I just would like to approximate any number, out of mathematical curiosity, purely in terms of e.
Example: If I give n=7.3890, the program must return a=1,b=0, which is the best approximation(minimal error) for all whole number pairs(a,b)
from math import *
n=float(input("Enter a number to be approximated:"))
for a in range(10):
for b in range(10):
if ((e**2)*a)+(e*b)==n:
print(a,b)
This program couldn't do so since it searches for exact values rather than approximate ones
Premise: the following solution finds integer (approximate) coefficients.
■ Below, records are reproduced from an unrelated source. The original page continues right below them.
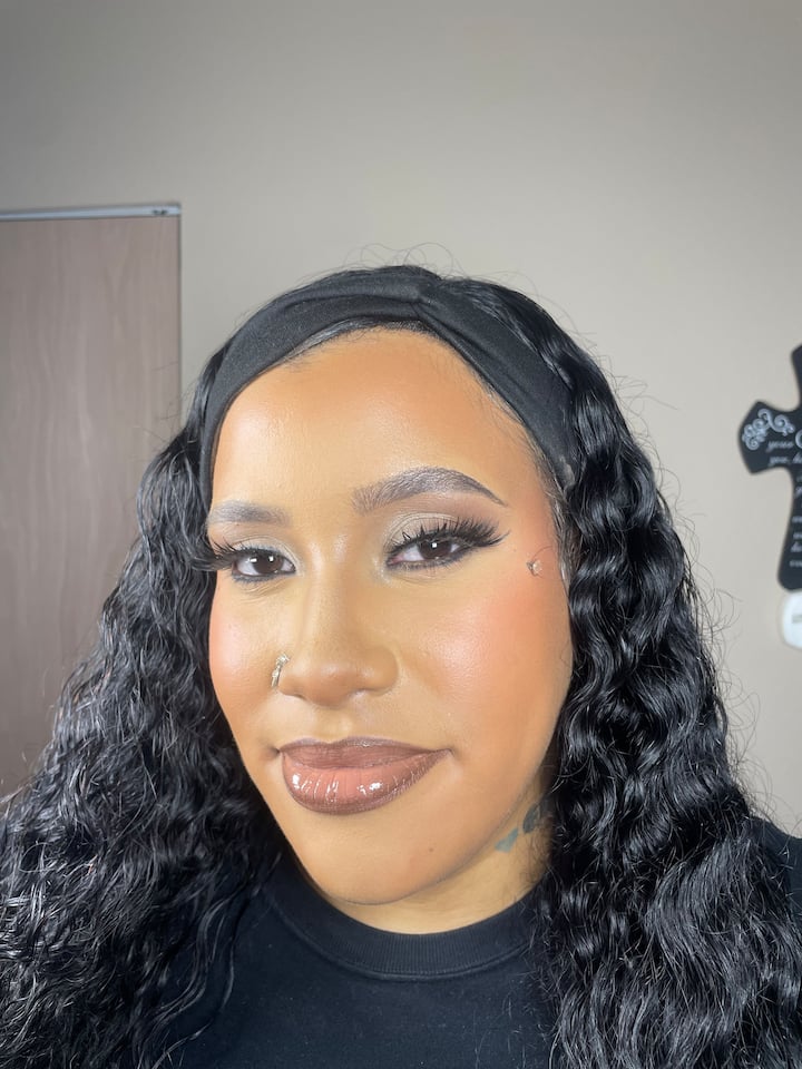 A seamless, camera-ready soft glam that enhances your natural beauty with luxe, velvety skin, softly sculpted cheek, and a flawless, radiant finish. Eyes are defined with a smokey gradient that stays soft and sultry paired with fluttery lashes for a lifted look. Brows are clean and structured, while the lips stay glossy and neutral for the effortless, feminine glow. Perfect for photoshoots, events, or anytime you want to feel polished and irresistible without looking overdone.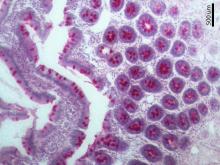 Corte de intestino delgado coloreado con PAS. En la foto de...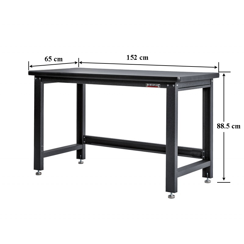 Degelijke montagetafel met gecoat stalen frame en daarop een niet geleidend MDF bovenblad met PVC omkleed. Kleur: frame met zwarte poedercoating in speciaal motief, bovenblad: zwart / antraciet. Afm. 152 x 65 x 88,5 cm. Dikte van het bovenblad: 40 mm. Voorzien van 4 stelpootjes voor fijn-afstelling op een niet geheel vlakke bodem.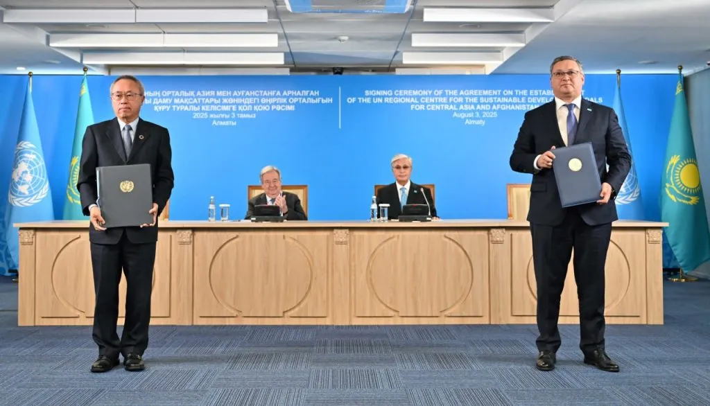 Также глава государства и Генеральный секретарь ООН приняли участие в церемонии подписания Соглашения между правительством Казахстана и ООН о создании Регионального центра ООН по целям в области устойчивого развития для Центральной Азии и Афганистана.
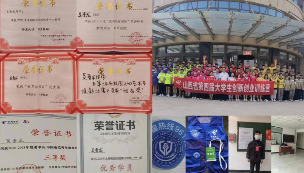 吴晋龙,男,汉族,中共预备党员,经济贸易系营销1901班团支部组织委员。入学以来,他认真学习,关注时政,严格要求自己,遵守学校的各项规章制度,认真完成学业,积极参加学院、系部组织的公益活动。荣获系赛“永远跟党走”主题演讲三等奖、创意书签比赛二等奖、“放飞足球梦”校赛二等奖、安全教育主题征文二等奖、世界读书日优秀奖、“战役有我 青春如歌”校园歌手大赛三等奖,“四史”知识竞赛一等奖、2020年暑期社会实践优秀个人。曾被评为“优秀共青团员”。疫情期间,志愿加入防控新冠肺炎疫情志愿者,承担村镇的疫情知识宣传防护工作。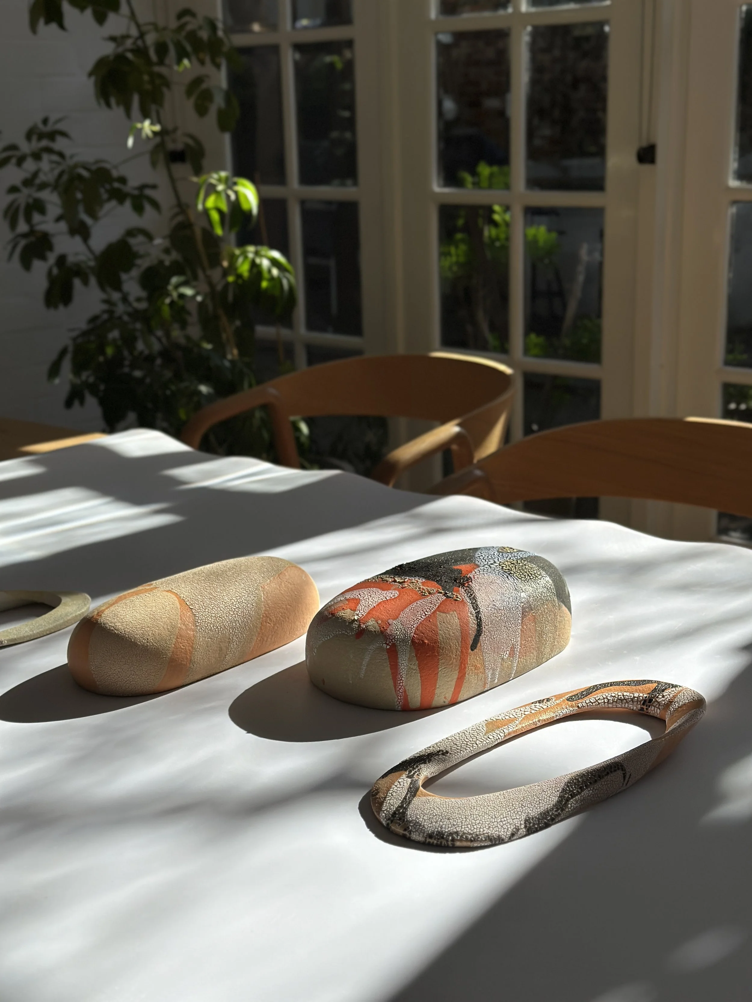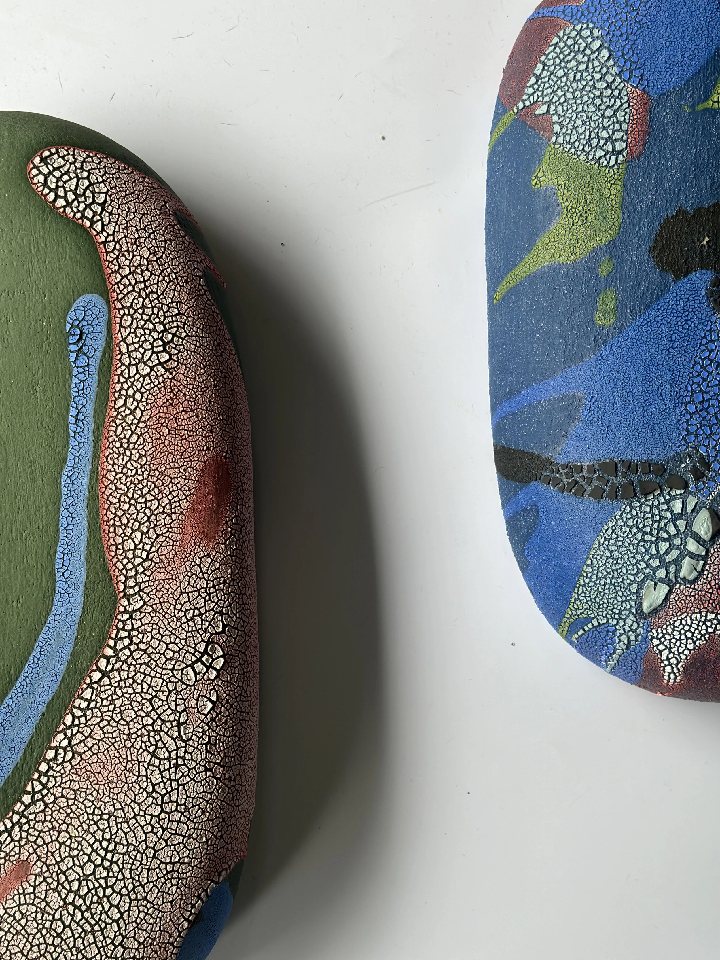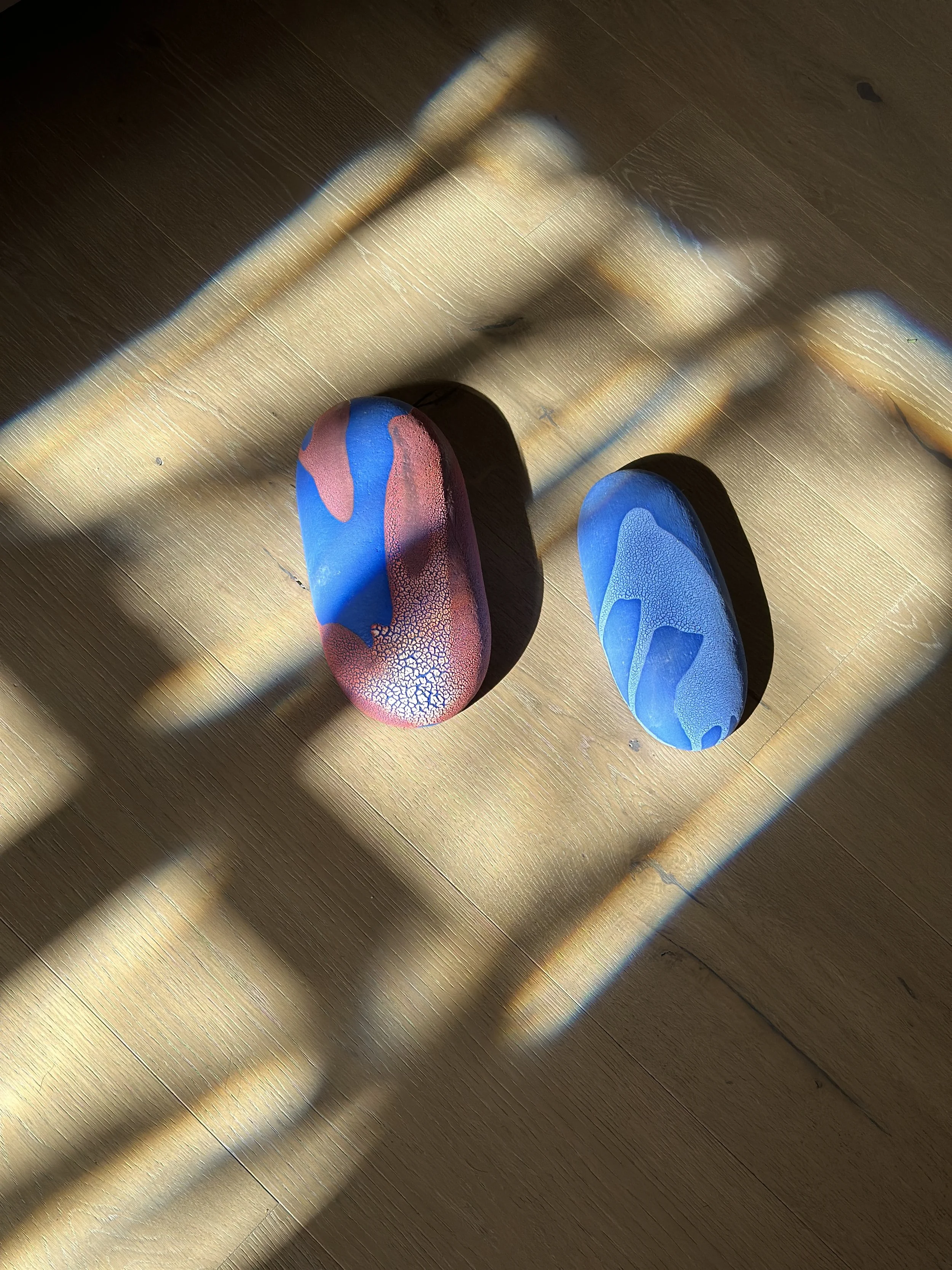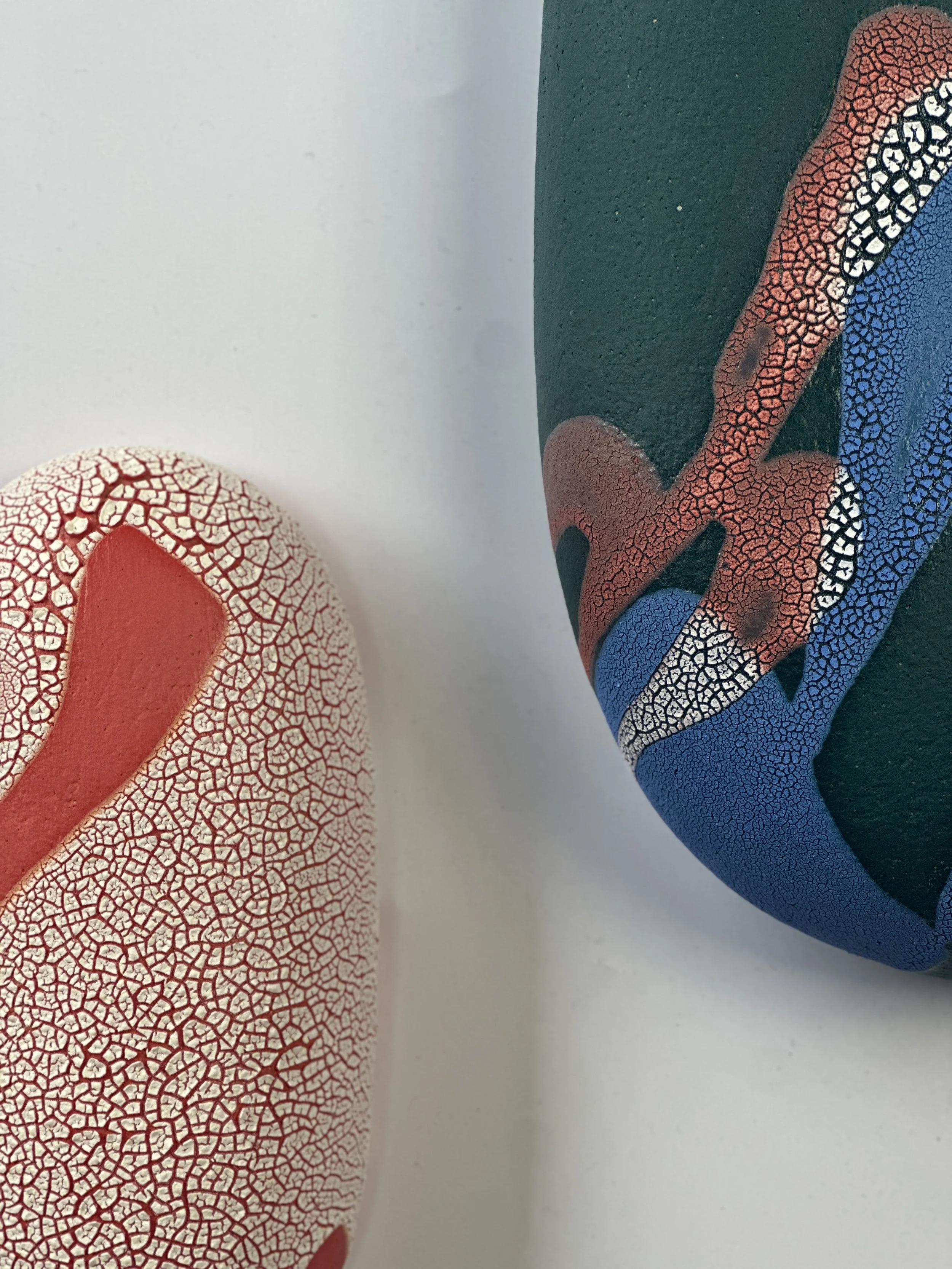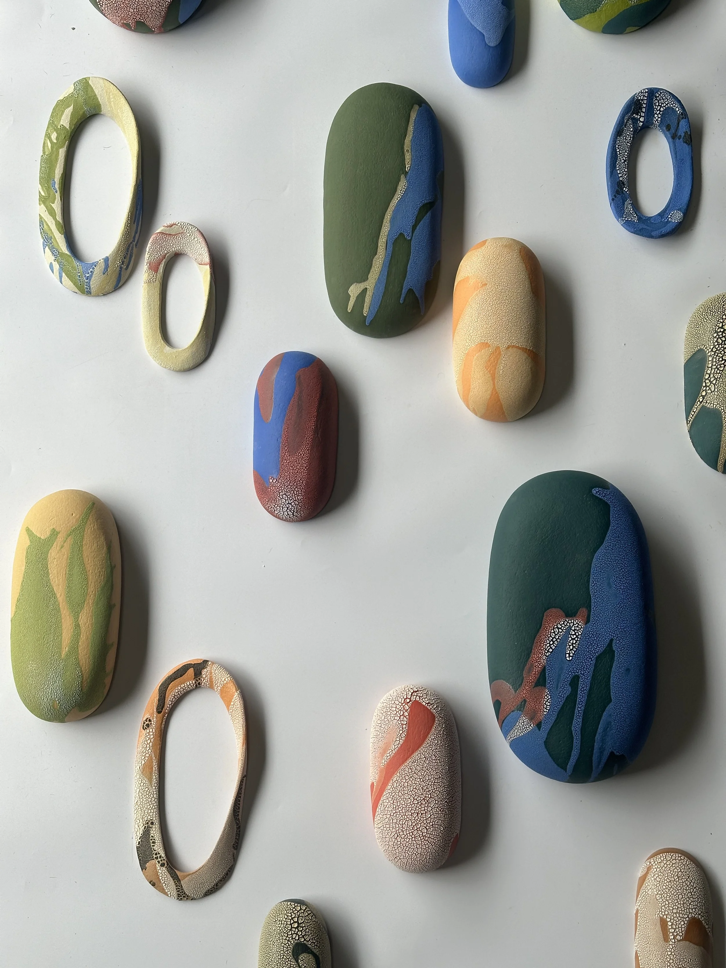 Inspired by the movement of water and the beauty of rain, Rain of Colours is a collaborative wall art project with Caroline Valenti. The pieces' shapes are drawn from the concept of water drops falling from the sky, merging to form rain. As these drops descend, they capture fleeting glimpses of the landscapes below, bringing together vibrant colors and intricate textures that represent the earth from this unique perspective.

An easy way to make your code more efficient is to use vectorization (using the numpy library) to compute the polynomial on all combination of indices, then return the combination of indices whose value of the polynomial is closer to the value of n.
The following code creates a grid of all integer a and b combinations using np.meshgrid, then computes the polynomial on all combinations and computes the positions of the combination making the polynomial closer to n using np.argmin. Lastly, it returns the a and b values of the combination.
import numpy as np
def find_approximate_integer_coefficients(n, x, amin=-10, amax=10, bmin=-10, bmax=10):
a_range = np.arange(amin, amax+1)
b_range = np.arange(bmin, bmax+1)
a_coefficients, b_coefficients = np.meshgrid(a_range, b_range)
polynomial_value = (a_coefficients * (x ** 2) + b_coefficients * x)
argmin = np.abs(polynomial_value - n).argmin()
return a_coefficients.flatten()[argmin], b_coefficients.flatten()[argmin]
For instance, find_approximate_integer_coefficients(7.3890, np.e) returns (1, 0) in about 75 microseconds on my laptop.
You can easily extend the code above to the case of higher-order polynomials as the np.meshgrid method accepts an arbitrary number of ranges to create the grid.